Previously, we have reported an increase in the cytokines interleukin-2 (IL-2), tumor necrosis factor-alpha (TNF-alpha), and interferon-gamma (IFN-gamma) early after left lung allotransplantation in dogs. The purpose of this study was to develop a novel model of canine lung autotransplantation and to observe whether ischemia/reperfusion injury alone (in the absence of an allogenic stimulus) would result in this cytokine release as seen in the allograft. Thus, using this model, early changes in cellular and cytokine composition in the lung autograft were monitored through the use of bronchoalveolar lavage (BAL) and plasma. The effects of ischemia/reperfusion injury on lung histology and major histocompatibility class II (MHC II) antigen expression were also observed.
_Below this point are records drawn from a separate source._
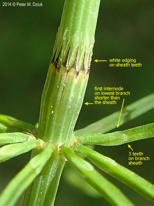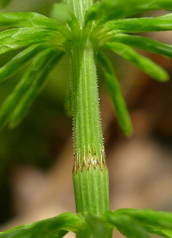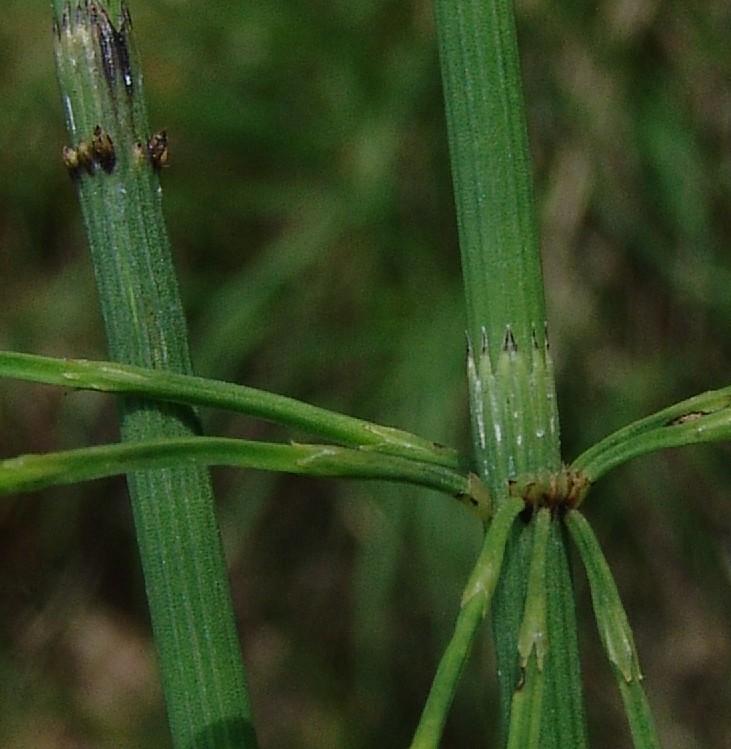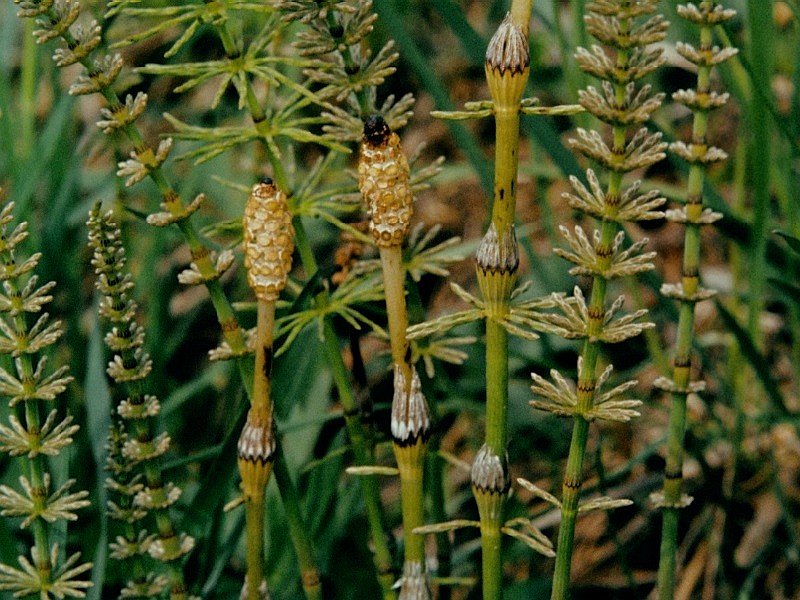 Equisetum - Ähren stumpf, Seitenäste un verzweigt, Stängelscheiden mit 4 - 15 Zähnen, Zentralhöhle weit
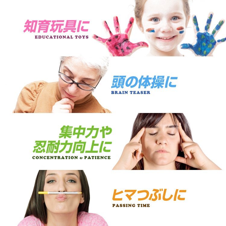 お子さまの知育玩具、ご年配の方の頭の体操、ビジネスマンや受験生等の集中力・忍耐力の向上、また旅行や出張、通勤通学等の乗り物移動中など幅広い用途とシーンで活躍します。
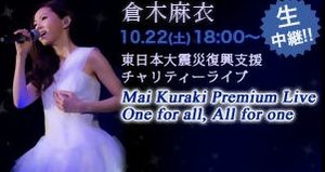 The Ustream website will stream the "Great Eastern Japan Earthquake Reconstruction Aid Charity Live Mai Kuraki Premium Live One for all, All for one" charity concert by singer Mai Kuraki live on Saturday, October 22 at 6:00 p.m. in Japan (5:00 a.m. EDT). The live event will also be streamed on YouTube, Nico Nico Douga, GyaO!, and au Exclusive Live websites. The concert is taking place at the Budokan concert hall in Tokyo.
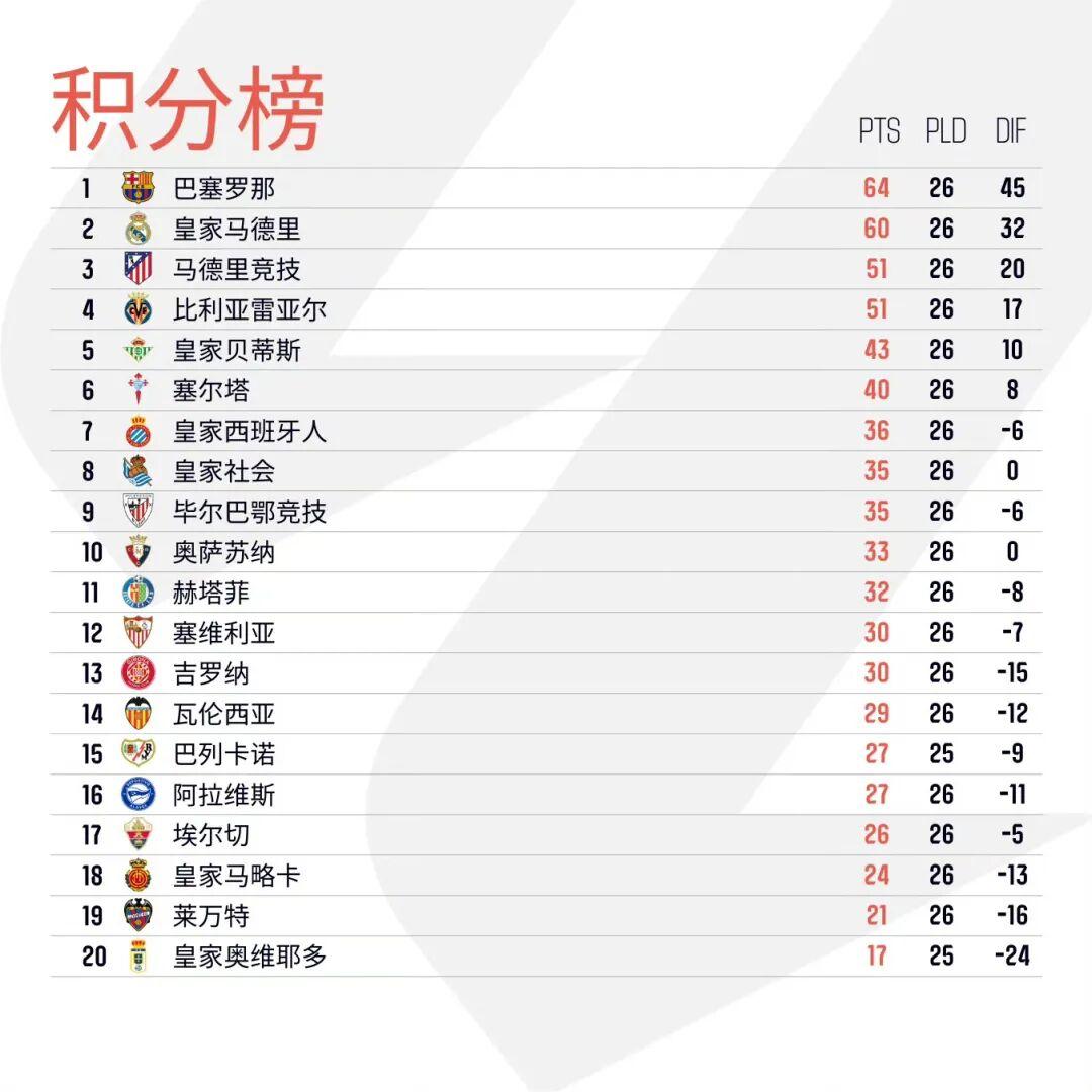 北京时间3月3日凌晨,西甲第26轮最后一场比赛落下帷幕,联赛第二的皇家马德里客场爆冷不敌赫塔费,遭遇联赛两连败,由于此前先赛的巴塞罗那4比1大胜黄潜,巴萨的领先优势扩大至4分;马德里竞技客场1比0击败联赛倒数第一皇家奥维耶多,积分追平比利亚雷亚尔,并凭借净胜球优势反超来到第三位,黄潜落至第四位;皇家贝蒂斯2比2战平塞维利亚后,积43分排名第五,塞尔塔客胜赫罗纳后积40分排名第六。
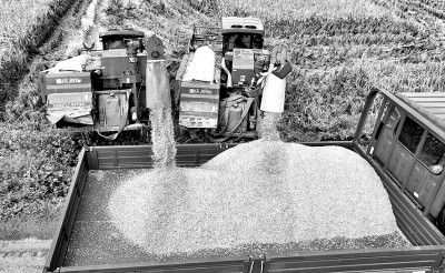 農(nóng)機在四川農(nóng)業(yè)大學科技示范點卸裝收獲的香稻。新華社發(fā)
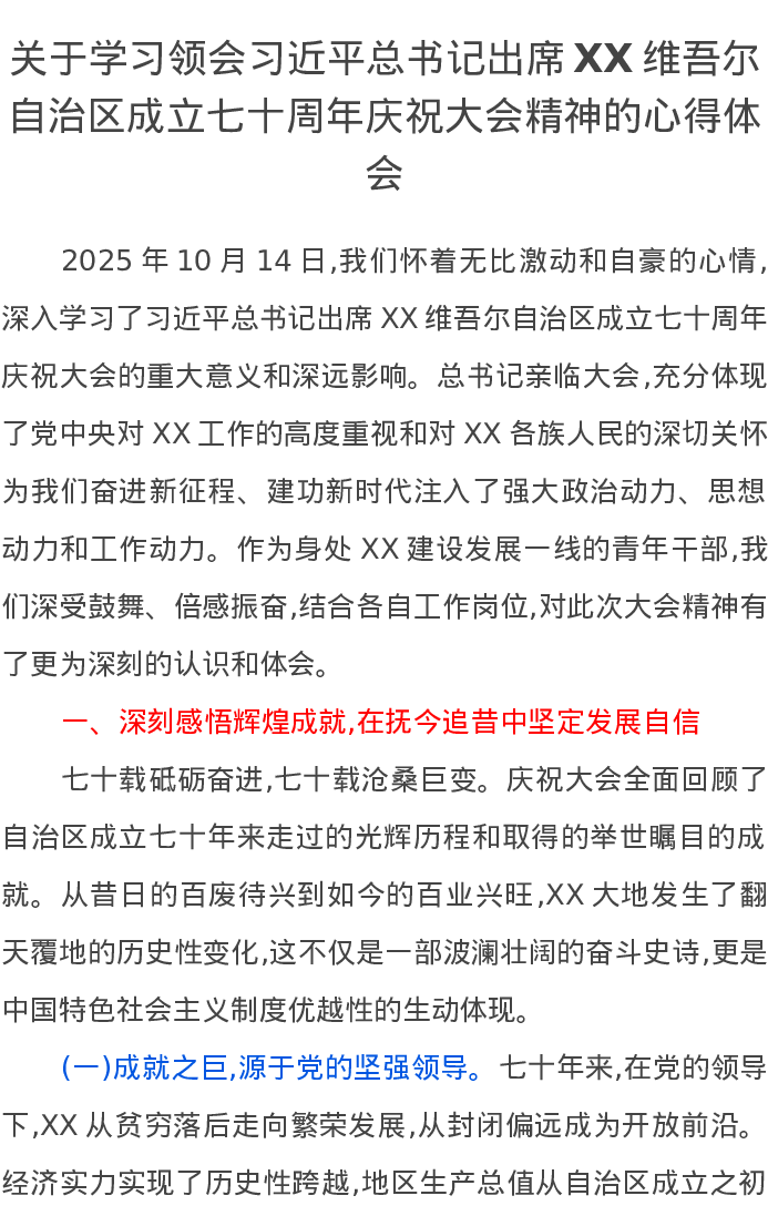 关于学习领会习近平总书记出席XX维吾尔自治区成立七十周年庆祝大会精神的心得体会
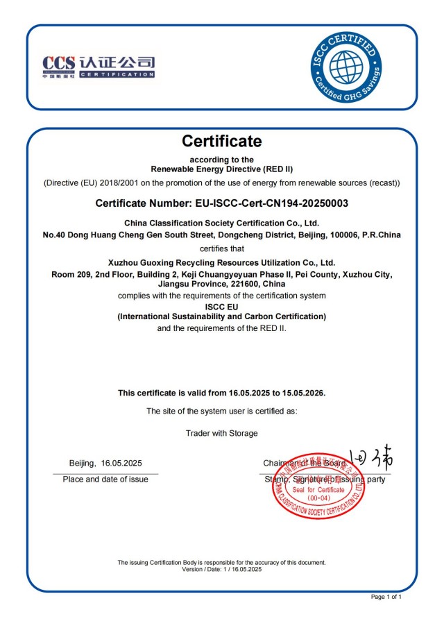 首戰告捷,開(kāi)辟生物質(zhì)能源貿易新賽道。作為集團公司能源板塊的第三戰略賽道——生物質(zhì)能源,國興公司積極響應國家“雙碳”戰略,全力布局生物質(zhì)能源開(kāi)發(fā)與應用。今年5月,公司成功通過(guò)歐盟ISCC工業(yè)級混合油(UCO)認證,成為符合國際可持續生物能源原料標準的核心供應商。此次千噸級訂單的落地,不僅驗證了公司在原料品質(zhì)、供應鏈管理及市場(chǎng)響應能力上的優(yōu)勢,更彰顯了其在生物質(zhì)能源貿易領(lǐng)域的核心競爭力。
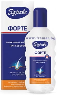 Шампоанът Здраве форте при себорея е интензивен продукт, създаден за случаите на тежък пърхот и себорея, придружени от сърбеж и зачервяване на кожата на главата. Той съдържа две взаимодопълващи и засилващи своята активност съставки – масло от Хвойна и октопирокс.
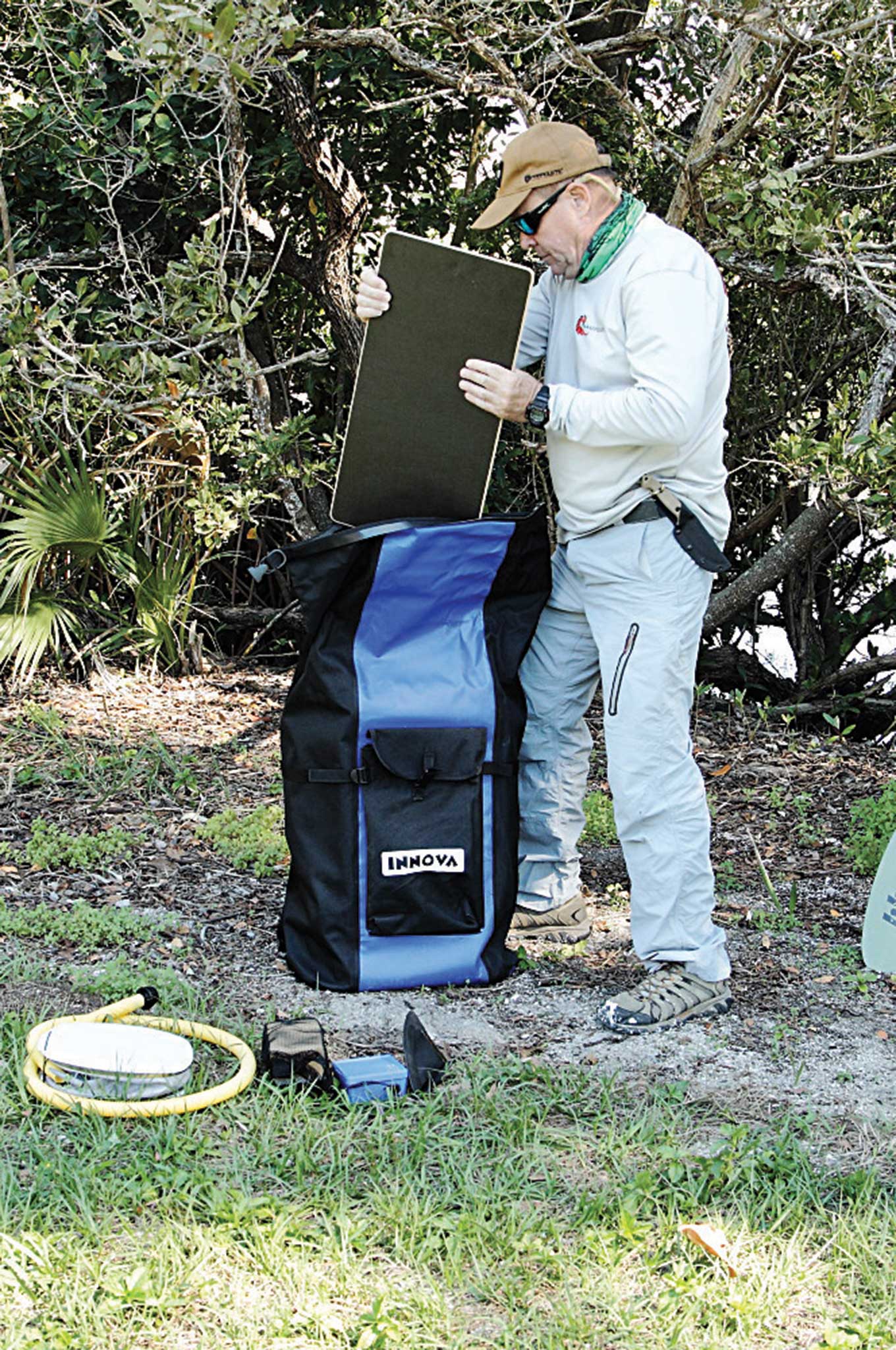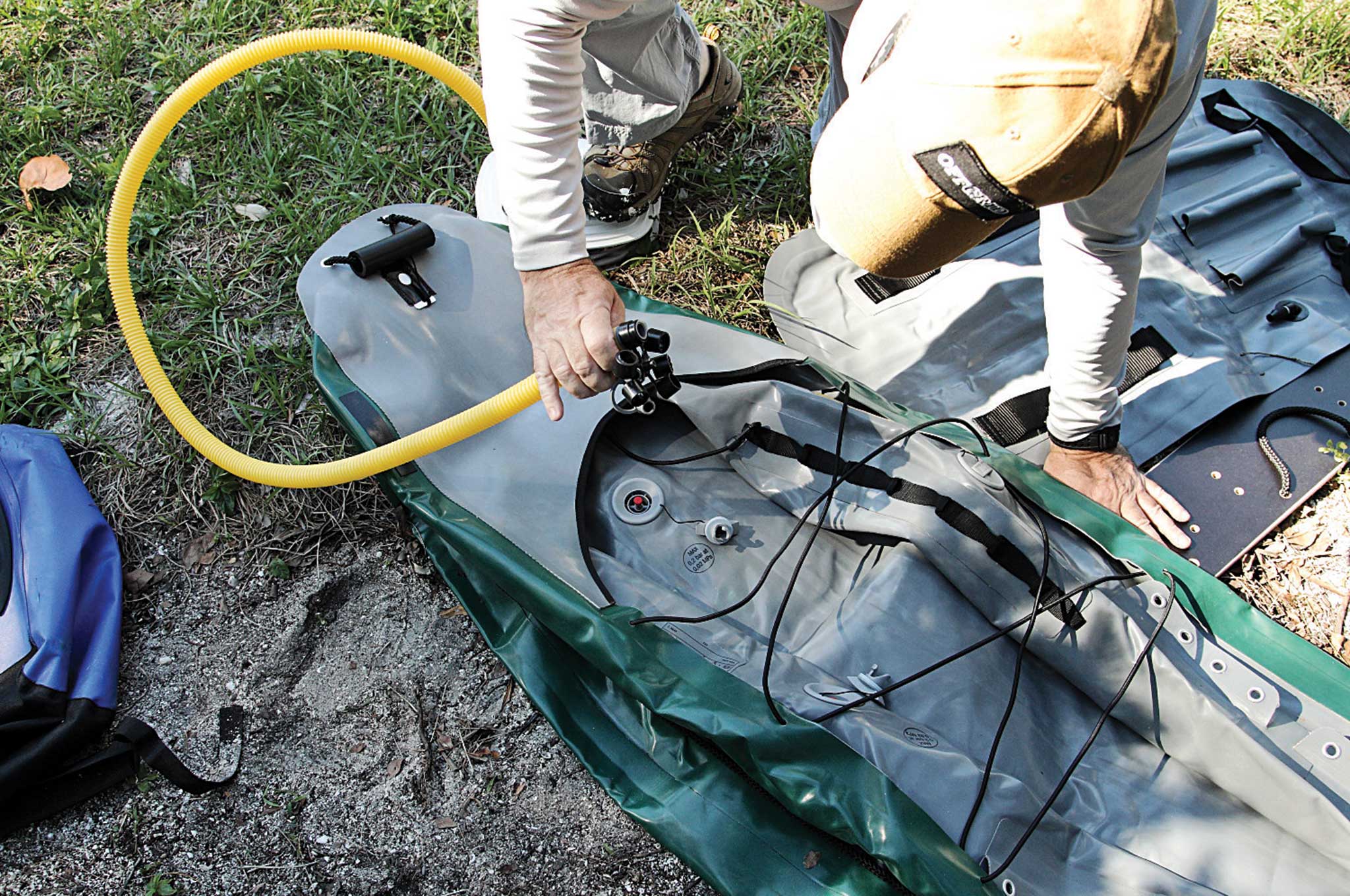 We needed to lay out, organize, orient, partially inflate, and assemble the inflatable seat, not to mention set up the tracking fin and floorboards for standing. There was also the orientation of deck fittings; we secured two evenly spaced fore and aft deck boards for attaching a rod holder or optional navigational electronics.
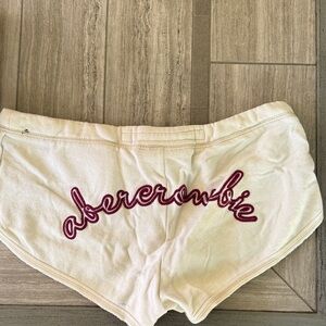 Abercrombie & Fitch White Terry Athletic Shorts with Maroon Moose Patch
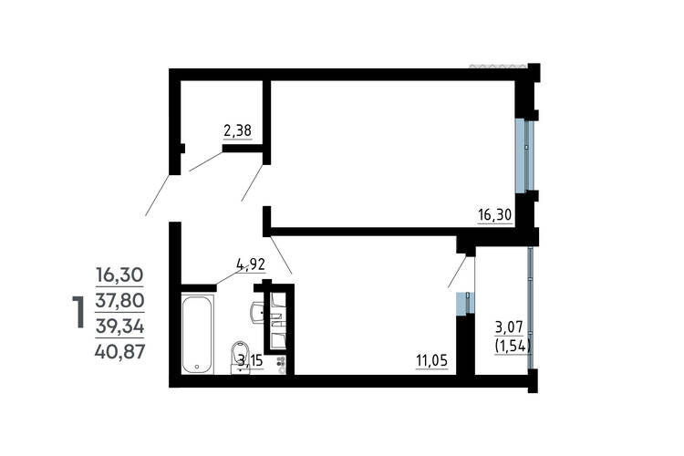 1-комнатная квартира, 39.34 м² №67
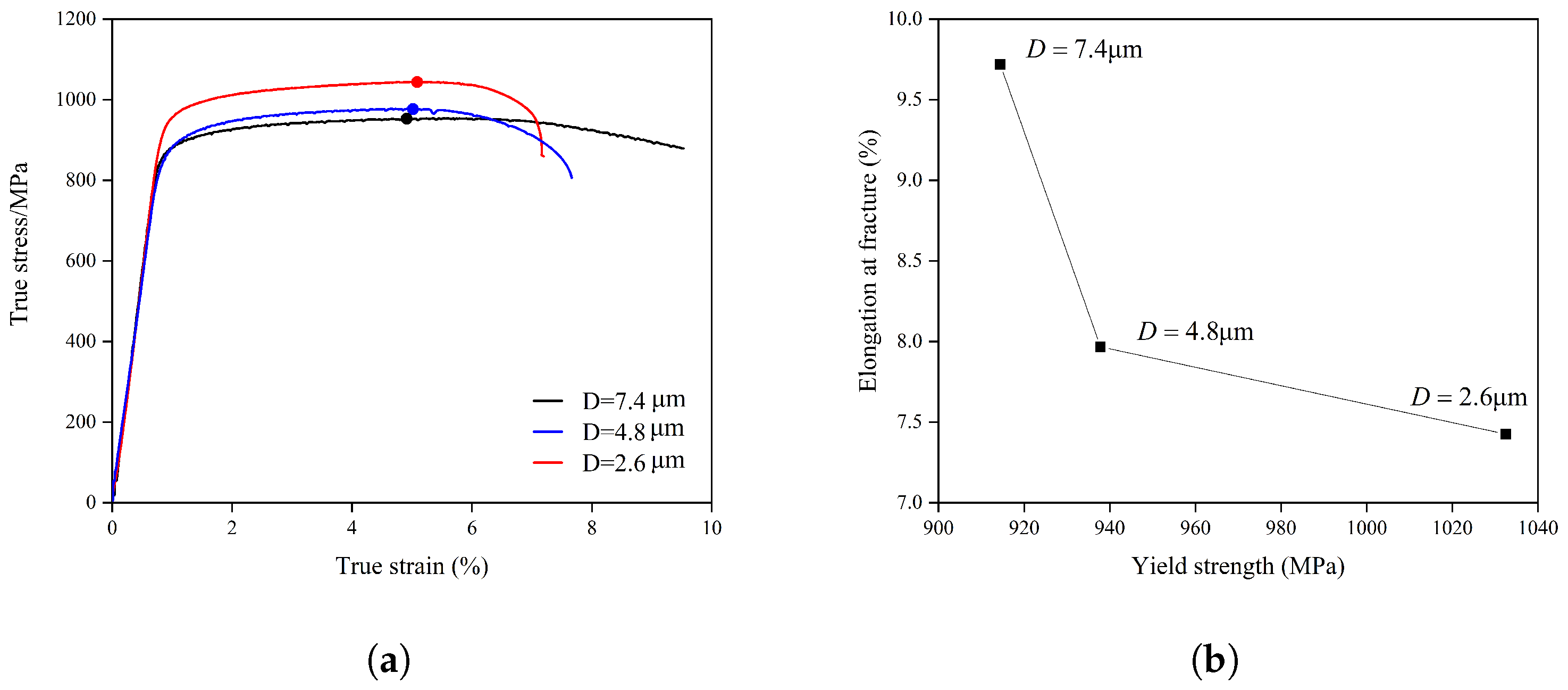 Figure 1. (a) Experimental uniaxial tensile true stress–strain curves, with solid circles marking the ultimate tensile strength points. (b) Yield strength versus elongation at fracture for different grain sizes.
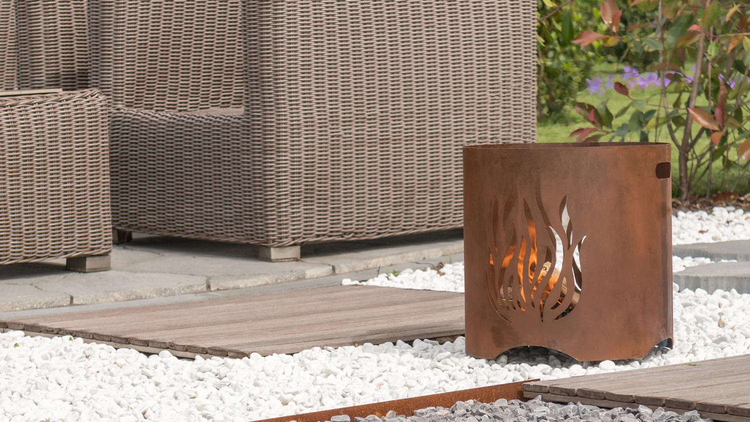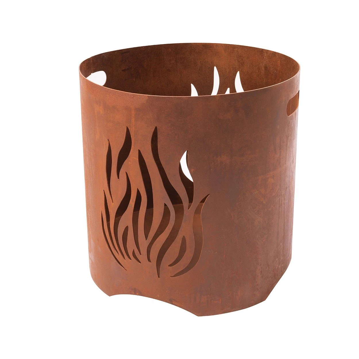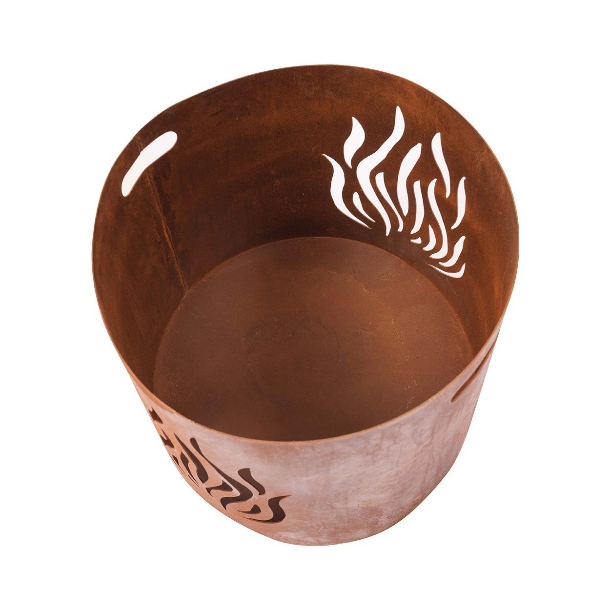 De uitsparingen in de vorm van vlammen zorgt voor een leuk lichtspel maar ook voor goede aanvoer van zuurstof en dus een goede verbranding. Tegelijk is deze vuur mand dus functioneel en ook zeer mooi en sfeervol. Weegt slechts 7kg en dus eenvoudiger te verplaatsen dan bv vuurschalen.

Ten mongrel dogs were subjected to left lung autotransplantation. Lungs were stored cold for 4 h, with a warm ischemic time of 1 h. BAL, blood, and biopsy specimens were taken preoperatively and 1 h, 4 h, 24 h, and 1 wk postoperatively. The mean BAL IL-2 levels significantly rose from a preoperative value of 150 +/- 19 pg/ml to 246 +/- 67 pg/ml 4 h after transplantation (p < 0.05), decreasing to preoperative levels after 24 h (128 +/- 54 pg/ml). Plasma levels of IL-2 did not change from preoperative values. In contrast to IL-2, TNF-alpha and IFN-gamma did not change in either BAL or plasma of the autograft. BAL total cell counts demonstrated a significant neutrophil influx in the autograft at 1, 4, and 24 h postoperatively (preoperative: 1.8 +/- 0.56 x 10(3) cells/ml; 1 h: 31 +/- 20 x 10(4) cells/ml; 4 h: 15 +/- 7.4 x 10(4) cells/ml; 24 h: 17 +/- 5.2 x 10(4) cells/ml) (p < 0.05), while the total number of lymphocytes and macrophages remained relatively constant. Histology revealed a relatively normal lung with slight inflammation at 4 and 24 h that began to resolve after 1 wk. However, there was evidence of MHC II antigen expression on lung epithelium after 1 wk. We conclude that short periods of ischemia can result in the early release of IL-2 that occurs in the absence of an allogeneic stimulus and that ischemia/reperfusion injury may be a potential inducer of MHC II antigen expression.